Further inspecting the vsansystem.log, we see cmmds reporting memory exhaustion hence it failed to get membership count.
Hence the node count was reported as "nodeCount: 0" and that caused the network health alarm on the vCenter. This is a false positive alert where there was no network partition.

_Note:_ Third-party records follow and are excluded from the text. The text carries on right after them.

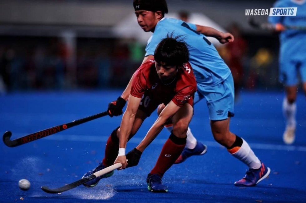 全日本学生ホッケー選手権(インカレ)も2回戦目を迎えた。対戦したのは北海道代表の北大。ボールの支配率は、早大の方がはるかに上回っていたが、相手の全員での守備に苦戦し、先制できない時間が続いた。第2クオーター(Q)の終盤に、連続でペナルティーコーナー(PC)を獲得し、DF小比類巻周(政経3=東京・早大学院)が待望の先制点をあげる。勢いづいた早大は、直後にMF山田和輝(創造理工3=東京・早大学院)が追加点を奪う。攻撃に火がついた早大は、北大ゴールに果敢に攻め込み、第3QにFW岩本捷汰(スポ2=大阪・大阪星光学院)、第4QにDF大多田一真(政経3=東京・早大学院)、FW伊豆蔵顕心(商2=東京・早大本庄)が得点を決め今季最多5点差で勝利した。
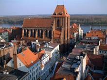Opowiedz mi o Średniowieczny zespół miejski Torunia (Расскажите мне о Средневековый город Торунь) Toruń przeszedł do historii architektury dzięki usytuowanemu na prawym brzegu Wisły Staremu Miastu, którego układ od ponad 700 lat pozostaje niezmienny. Na średniowiecznym rynku i otaczających go ulicach znajduje się kilkaset gotyckich zabytków, wśród których największą osobliwością jest Krzywa Wieża. To największa, po Krakowie, liczba autentycznych zabytków sztuki i architektury gotyckiej w Polsce. Najwyższej klasy obiekty Toruń zawdzięcza Krzyżakom, którzy sprawowali władzę w mieście ponad 200 lat, począwszy od 1230 roku. Ich siedzibą w Toruniu był zamek. Nietypowy – bo zbudowany nie jak większość krzyżackich zamków na planie prostokąta, tylko na planie podkowy. Budowla nie przetrwała do naszych czasów – zburzyli ją mieszczenie na początku wojny trzynastoletniej. Oprócz ruin zamku, w panoramę staromiejskiego Torunia wpisał się stojący na rynku Ratusz, uważany za jedno z najwybitniejszych osiągnięć gotyckiej architektury mieszczańskiej w Europie. Poza nim, wśród obiektów wybudowanych przez Zakonników należy wyróżnić zwłaszcza monumentalne, gotyckie kościoły, istniejące do dziś: św. Janów, św. Jakuba, Wniebowzięcia Najświętszej Marii Panny oraz nieistniejący: św. Mikołaja. Bardzo charakterystyczną cechą jest toruński budulec: kościoły, kamienice i mury - niemal wszystkie toruńskie zabytki zbudowano z cegły. Dzięki temu, że miasto pozostało nie zniszczone w czasie II wojny światowej, do dziś można podziwiać gotycki i średniowieczny Toruń, w takiej formie, jaką przed laty pozostawili po sobie ówcześni mieszkańcy. Dziś Toruń kojarzony jest przede wszystkim z wybitnym astronomem Mikołajem Kopernikiem, a najważniejszym dla dzieci toruńskim symbolem są przepyszne pierniki.
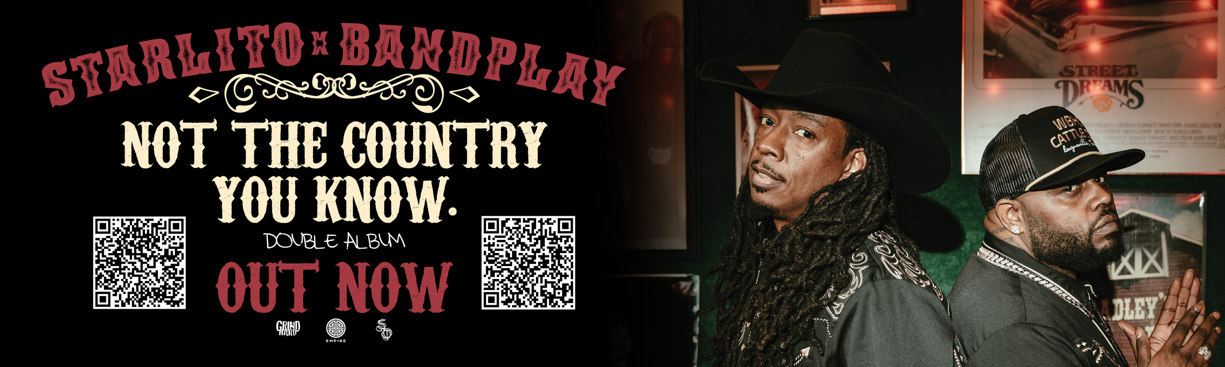I come ALIVE with music branding! My client Starlito requested my services for his Double Album “Not The Country You Know” a little over a month before its release. I immediately started with the title design for the album inspired by Johnny Cash, Jack Daniels and Western vibes. Although this is a rap album, I wanted to capture the energy of country music.

2019-01-02T04:58:32.462Z info vsansystem[A2E0BEB700] [Originator@6876 sub=Libs opID=0d939440-0e4b-11e9] ModuleImpl Refresh: Module became inaccessible: cmmds
2019-01-02T04:58:32.464Z error vsansystem[A2E0BEB700] [Originator@6876 sub=VsanSystemProvider opID=0d939440-0e4b-11e9] Error querying host status: Unable to load module /usr/lib/vmware/vmkmod/cmmds: Busy
2019-01-02T04:58:33.292Z info vsansystem[A2E001A700] [Originator@6876 sub=VsanSystemProvider opID=CMMDSAccessUpdate-a6b0] Timer fired: posting access generation update
2019-01-02T04:58:33.292Z info vsansystem[A2E001A700] [Originator@6876 sub=VsanSystemProvider opID=CMMDSAccessUpdate-a6b0] Posting VSAN access generation update (genNo: '1143', batched: 20, now: 1899377715332, lastUpdate: 1899316714310)
2019-01-02T04:58:33.293Z info vsansystem[A2E01E0700] [Originator@6876 sub=Libs opID=CMMDSAccessUpdate-a6b0] ModuleImpl Refresh: Module became inaccessible: cmmds
2019-01-02T04:58:33.294Z error vsansystem[A2E01E0700] [Originator@6876 sub=VsanSystemProvider opID=CMMDSAccessUpdate-a6b0] Error retrieving membership list: Unable to load module /usr/lib/vmware/vmkmod/cmmds: Busy
2019-01-02T04:58:33.294Z info vsansystem[A2E01E0700] [Originator@6876 sub=VsanSystemProvider opID=CMMDSAccessUpdate-a6b0] Complete, nodeCount: 0, runtime info: (vim.vsan.host.VsanRuntimeInfo) {
--> membershipList = <unset>,
--> diskIssues = <unset>,
--> accessGenNo = 1143
--> }

++ vsanmgmt: memory was being reported on vsanperfsvc much before the issue window and during the window

2019-01-02T03:35:38Z VSANMGMTSVC: INFO vsanperfsvc[MainThread] [statsdaemon::_logDaemonMemoryStats] Daemon memory stats: eMin=152.132
MB, eMinPeak=155.648MB, rMinPeak=157.820MB MEMORY PRESSURE
2019-01-02T03:35:38Z VSANMGMTSVC: INFO vsanperfsvc[MainThread] [statsdaemon::_logDaemonMemoryStats] 'python.59873341' memory stats:
eMin=152.132MB, eMinPeak=155.284MB, rMinPeak=155.916MB MEMORY PRESSURE

Environment

VMware vSAN 6.6.x

Cause

Partition and vSAN health warning are all related to out of memory of vSAN management daemon.

Resolution

Out of Memory on vSAN management daemon is now fixed in 6.5 U2 Patch 03.

Workaround:
At the moment, there is no workaround for this. This a false positive error which may report network partition.